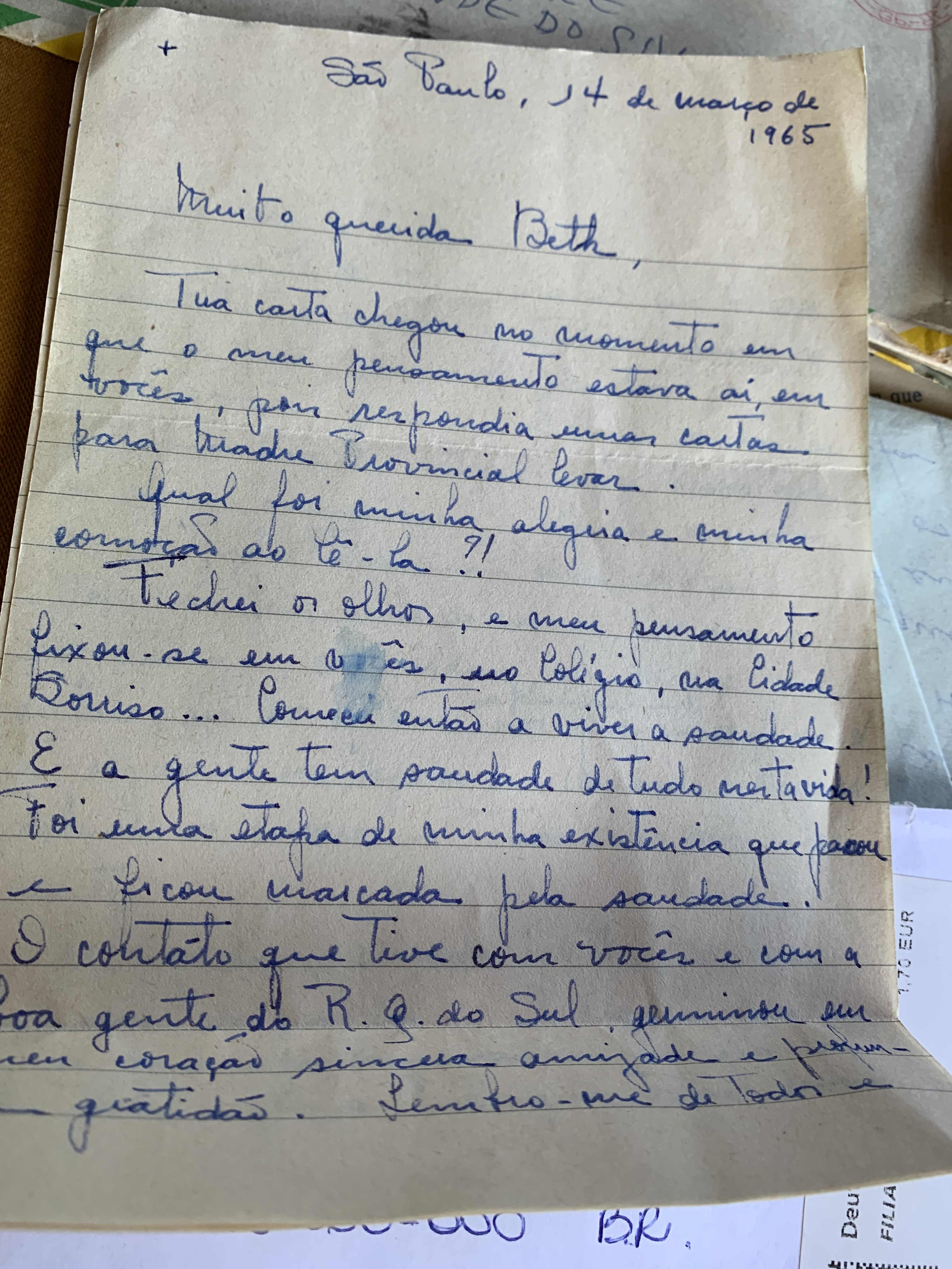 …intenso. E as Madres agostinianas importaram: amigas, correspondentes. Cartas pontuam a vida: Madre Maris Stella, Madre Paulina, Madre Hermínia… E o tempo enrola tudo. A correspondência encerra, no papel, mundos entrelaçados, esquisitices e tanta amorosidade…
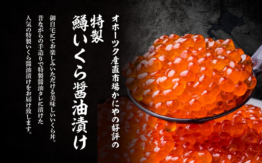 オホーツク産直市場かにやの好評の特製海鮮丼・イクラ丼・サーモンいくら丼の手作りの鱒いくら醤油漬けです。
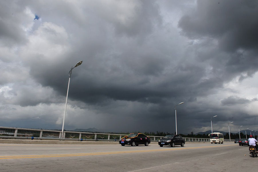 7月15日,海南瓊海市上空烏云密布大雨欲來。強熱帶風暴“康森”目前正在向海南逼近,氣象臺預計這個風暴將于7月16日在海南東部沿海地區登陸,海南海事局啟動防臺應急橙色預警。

·····

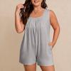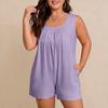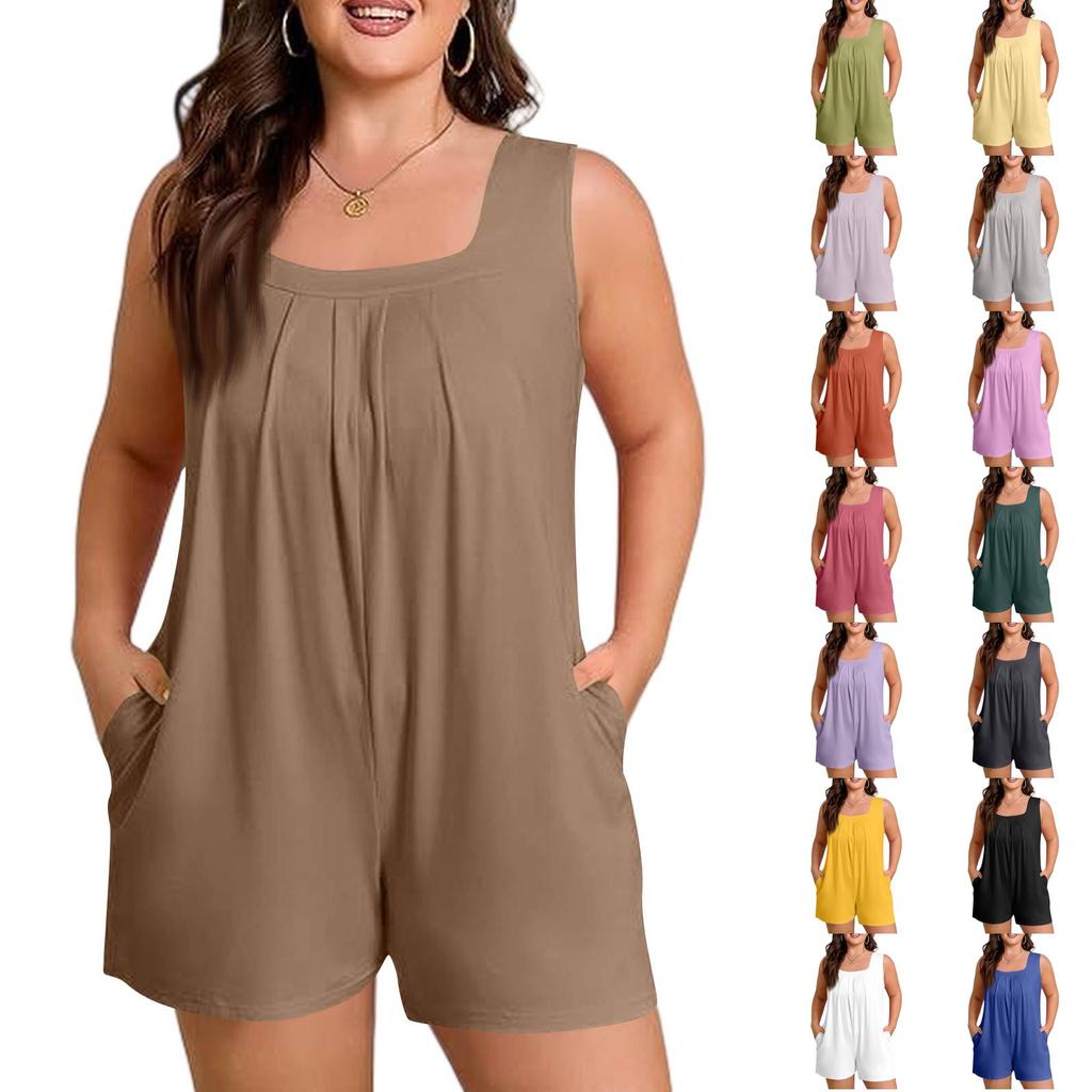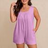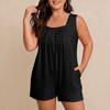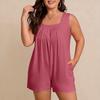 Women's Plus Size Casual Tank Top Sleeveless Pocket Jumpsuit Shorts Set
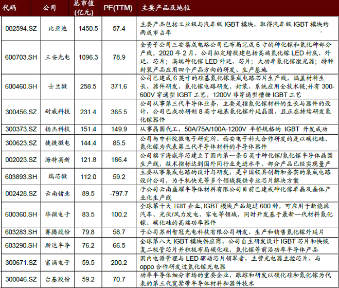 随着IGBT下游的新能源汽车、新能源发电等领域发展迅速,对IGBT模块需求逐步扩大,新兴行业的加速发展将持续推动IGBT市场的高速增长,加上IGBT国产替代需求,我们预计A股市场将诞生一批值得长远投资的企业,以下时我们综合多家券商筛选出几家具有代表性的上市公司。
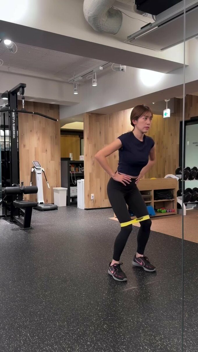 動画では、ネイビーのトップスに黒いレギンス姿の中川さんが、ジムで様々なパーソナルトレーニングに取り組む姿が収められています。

·····

TASK OBJECTIVE:
Reproduce, exactly and only, the lines of the records above starting at the line with "随着IGBT下游的新能源汽车" and ending at the line with "動画では、ネイビーのトップス", both included. Leave every picture out.

EXERCISE SOLUTION:
 随着IGBT下游的新能源汽车、新能源发电等领域发展迅速,对IGBT模块需求逐步扩大,新兴行业的加速发展将持续推动IGBT市场的高速增长,加上IGBT国产替代需求,我们预计A股市场将诞生一批值得长远投资的企业,以下时我们综合多家券商筛选出几家具有代表性的上市公司。
 動画では、ネイビーのトップスに黒いレギンス姿の中川さんが、ジムで様々なパーソナルトレーニングに取り組む姿が収められています。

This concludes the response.